[Records from a data collection]
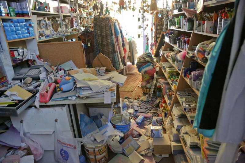 Η ένταση του σεισμού αποτυπώνεται και στο παρακάτω βίντεο, από κάμερα ασφαλείας μέσα σε μια κάβα στη Μυτιλήνη, το οποίο ανάρτησε στο Facebook ο Στέλιος Κουτσουράδης. Τα ράφια με τα προϊόντα κουνιούνται πέρα-δώθε, μπουκάλια καταλήγουν στο πάτωμα και σπάνε.
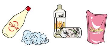 - 軽く洗っても中身の残るチューブ、容器、ラップなど
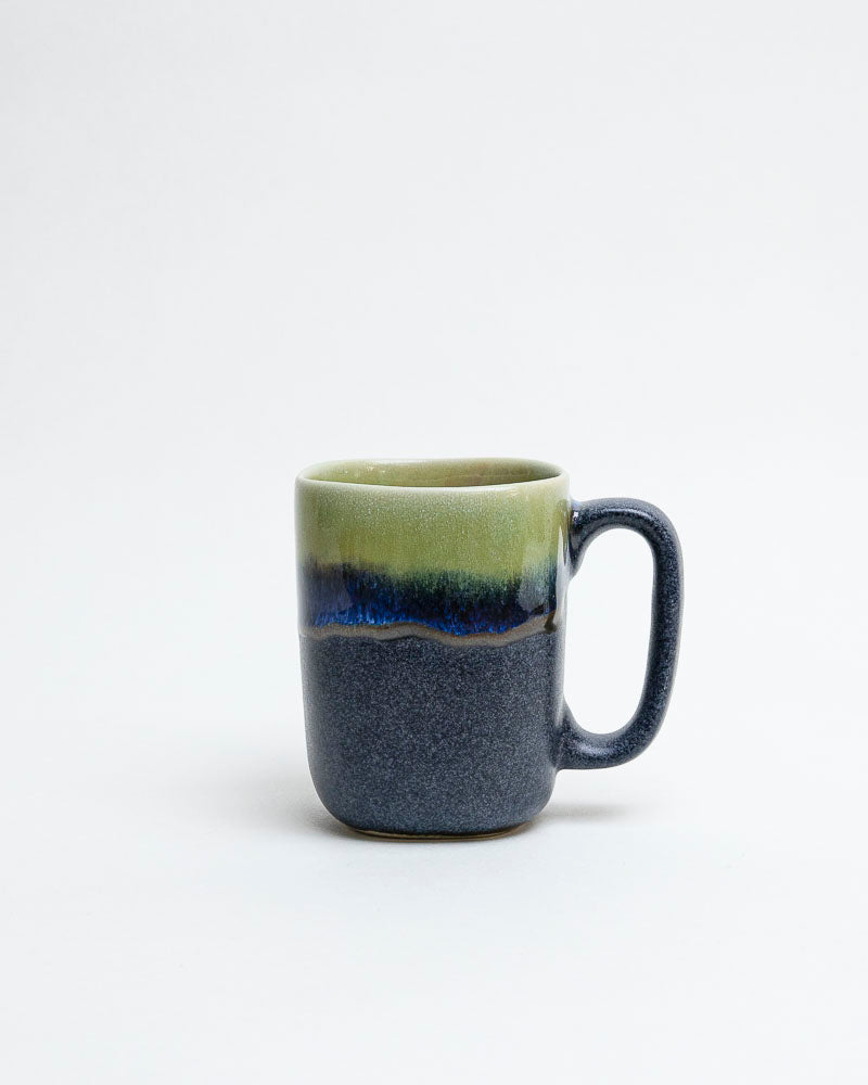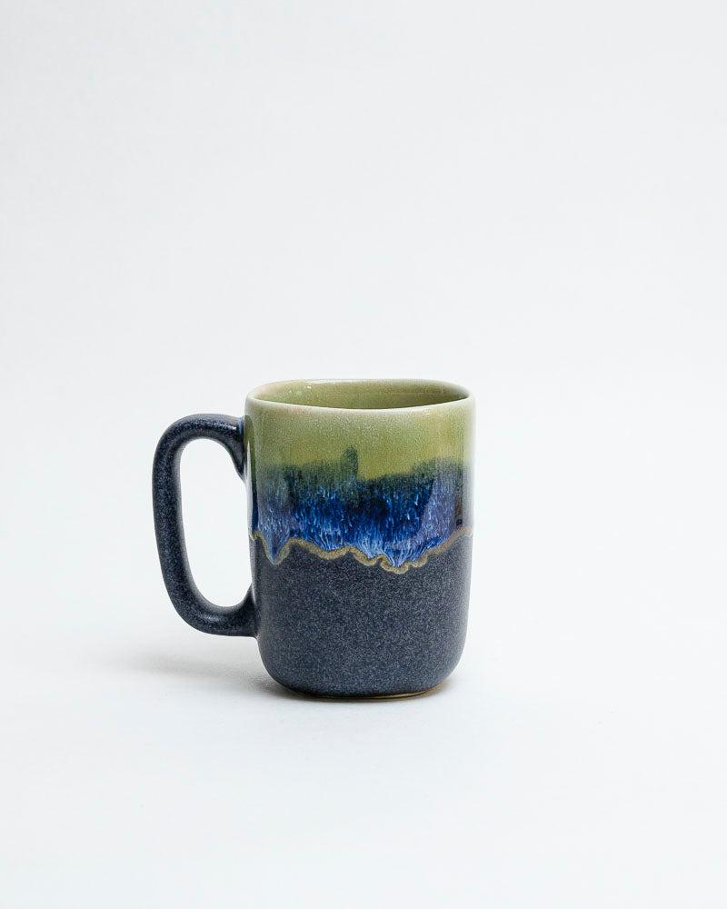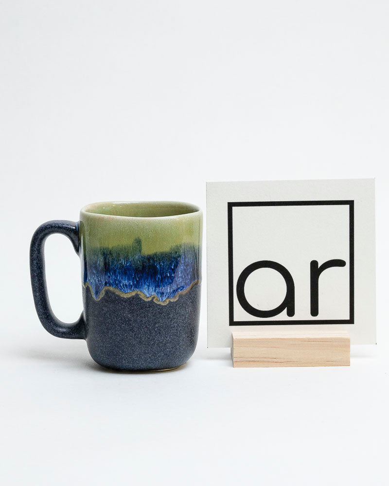 Jak poranna rosa na kamieniu — chłodny, szlachetny i spokojny. Górna część kubka tonie w odcieniach zielonego mchu, które miękko przechodzą w głęboki granat i ciemny grafit. Szkliwo spływa powoli, tworząc naturalne przejścia barw przypominające górski pejzaż po deszczu. Prosty kształt kubka z klasycznym uchem podkreśla jego użytkową elegancję.
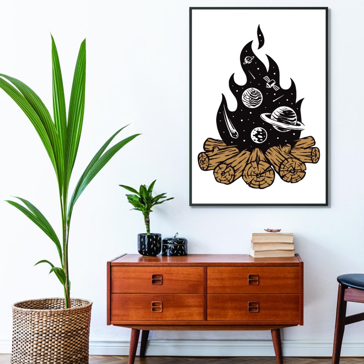 This print has a striking, contemporary look that works well in modern or eclectic interiors. I love how the dark, fiery design adds a bold focal point without overwhelming the space. It pairs nicely with earthy tones and natural textures, making it perfect for living rooms, bedrooms, or creative spaces that embrace a bit of atmospheric drama. For styling tips, consider framing it in a sleek black or wooden frame to enhance its visual impact, and hang it where it can be appreciated at eye level. It also works well as part of a gallery wall, mixed with other artworks or prints that have a similar colour palette or abstract theme. Overall, it’s a versatile piece that delivers a punch of personality and colour to any room.
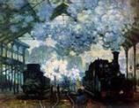 2、判断题 下图是1877年的一幅作品——《圣拉查尔火车站》。作者神往于光线穿过玻璃顶棚射向蒸气烟云的效果,神往于从混沌之中显现出来的机车和车厢的形状。这幅画属于
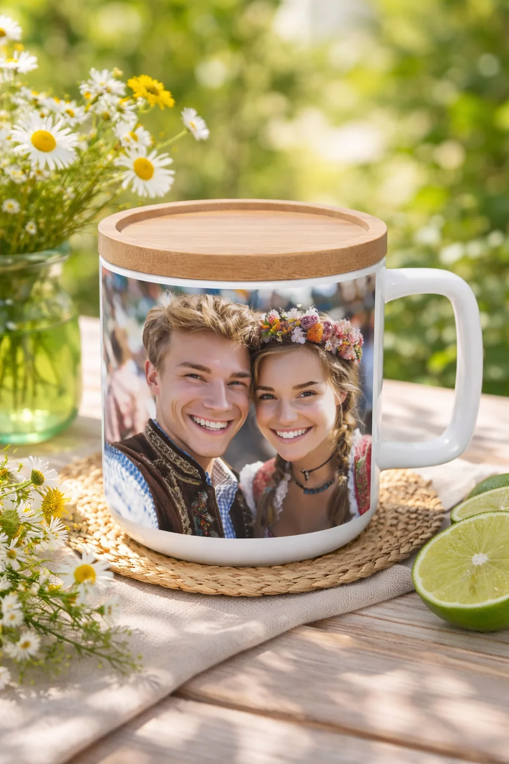 Ten personalizowany kubek z bambusową podkładką to połączenie elegancji i funkcjonalności, które zachwyci każdego miłośnika stylowych detali. Wykonany z wysokiej jakości ceramiki, wyróżnia się gładką, matową powierzchnią idealną pod nadruk – dzięki czemu Twój projekt prezentuje się perfekcyjnie, niezależnie od tego, czy to logo firmy, grafika czy wyjątkowe zdjęcie.

## Assigned task
Please set down every line of the data above precisely, dropping the images.

## Finished task
 Η ένταση του σεισμού αποτυπώνεται και στο παρακάτω βίντεο, από κάμερα ασφαλείας μέσα σε μια κάβα στη Μυτιλήνη, το οποίο ανάρτησε στο Facebook ο Στέλιος Κουτσουράδης. Τα ράφια με τα προϊόντα κουνιούνται πέρα-δώθε, μπουκάλια καταλήγουν στο πάτωμα και σπάνε.
 - 軽く洗っても中身の残るチューブ、容器、ラップなど
 Jak poranna rosa na kamieniu — chłodny, szlachetny i spokojny. Górna część kubka tonie w odcieniach zielonego mchu, które miękko przechodzą w głęboki granat i ciemny grafit. Szkliwo spływa powoli, tworząc naturalne przejścia barw przypominające górski pejzaż po deszczu. Prosty kształt kubka z klasycznym uchem podkreśla jego użytkową elegancję.
 This print has a striking, contemporary look that works well in modern or eclectic interiors. I love how the dark, fiery design adds a bold focal point without overwhelming the space. It pairs nicely with earthy tones and natural textures, making it perfect for living rooms, bedrooms, or creative spaces that embrace a bit of atmospheric drama. For styling tips, consider framing it in a sleek black or wooden frame to enhance its visual impact, and hang it where it can be appreciated at eye level. It also works well as part of a gallery wall, mixed with other artworks or prints that have a similar colour palette or abstract theme. Overall, it’s a versatile piece that delivers a punch of personality and colour to any room.
 2、判断题 下图是1877年的一幅作品——《圣拉查尔火车站》。作者神往于光线穿过玻璃顶棚射向蒸气烟云的效果,神往于从混沌之中显现出来的机车和车厢的形状。这幅画属于
 Ten personalizowany kubek z bambusową podkładką to połączenie elegancji i funkcjonalności, które zachwyci każdego miłośnika stylowych detali. Wykonany z wysokiej jakości ceramiki, wyróżnia się gładką, matową powierzchnią idealną pod nadruk – dzięki czemu Twój projekt prezentuje się perfekcyjnie, niezależnie od tego, czy to logo firmy, grafika czy wyjątkowe zdjęcie.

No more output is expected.